Genome-wide association studies have helped us identify thousands of common variants associated with several widespread complex diseases. However, for most traits, these variants account for only a small fraction of phenotypic variance or heritability. Next-generation sequencing technologies are being used to identify additional rare variants hypothesized to have higher effect sizes than the already identified common variants, and to contribute significantly to the fraction of heritability that is still unexplained.
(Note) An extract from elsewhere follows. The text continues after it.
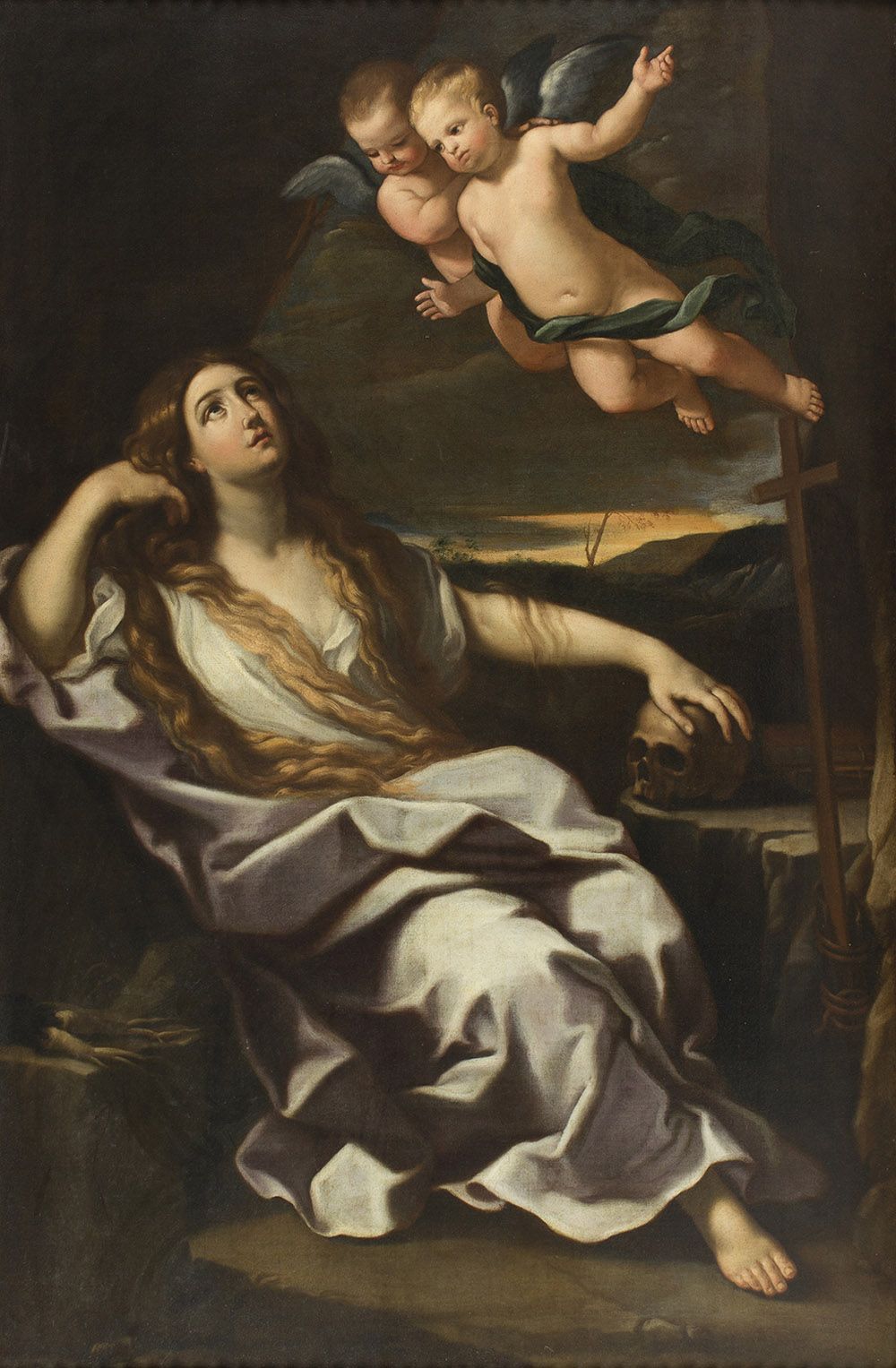 Bottega di Guido Reni Maria Maddalena nel deserto Olio su tela, cm. 230 x 150 Opera della sicura bottega del Reni, dal notissimo prototipo conservato alla Galleria Nazionale d’Arte Antica di palazzo Corsini a Roma ed eseguito dal Reni durante uno dei diversi soggiorni romani al servizio del cardinale Antonio Santacroce. Il prototipo è noto anche in una versione di buona qualità conservata nella cappella di S.Carlo presso la cattedrale di Santa Maria Assunta a Volterra, con lievi variazioni. L’imponente Maddalena reniana è forse uno dei soggetti più replicati del maestro bolognese, per le caratteristiche di pulizia formale ed equilibrio complessivo della composizione che ne fanno uno dei capisaldi del classicismo romano. In questa sede si vuole proporre una probabile partecipazione di Giovanni Andrea Sirani (noto copista del Reni) alla stesura pittorica, soprattutto in alcuni particolari del panneggio e del volto della santa, più efficaci rispetto di puttini in alto a destra.

Several pooling strategies have been proposed to test the joint association of multiple rare variants, because testing them individually may not be optimal. Within a gene or genomic region, if there are both rare and common variants, testing their joint association may be desirable to determine their synergistic effects. We propose new methods to test the joint association of several rare and common variants with binary and quantitative traits. Our association test for quantitative traits is based on genotypic and phenotypic measures of similarity between pairs of individuals. For the binary trait or case-control samples, we recently proposed an association test based on the genotypic similarity between individuals. Here, we develop a modified version of this test for rare variants. Our tests can be used for samples taken from multiple subpopulations. The power of our test statistics for case-control samples and quantitative traits was evaluated using the GAW17 simulated data sets. Type I error rates for the proposed tests are well controlled. Our tests are able to identify some of the important causal genes in the GAW17 simulated data sets.

Highlights

  • Genome-wide association studies have helped us to understand the genetic basis of several complex diseases and have identified thousands of variants associated with such diseases [http://www.genome.gov/gwastudies]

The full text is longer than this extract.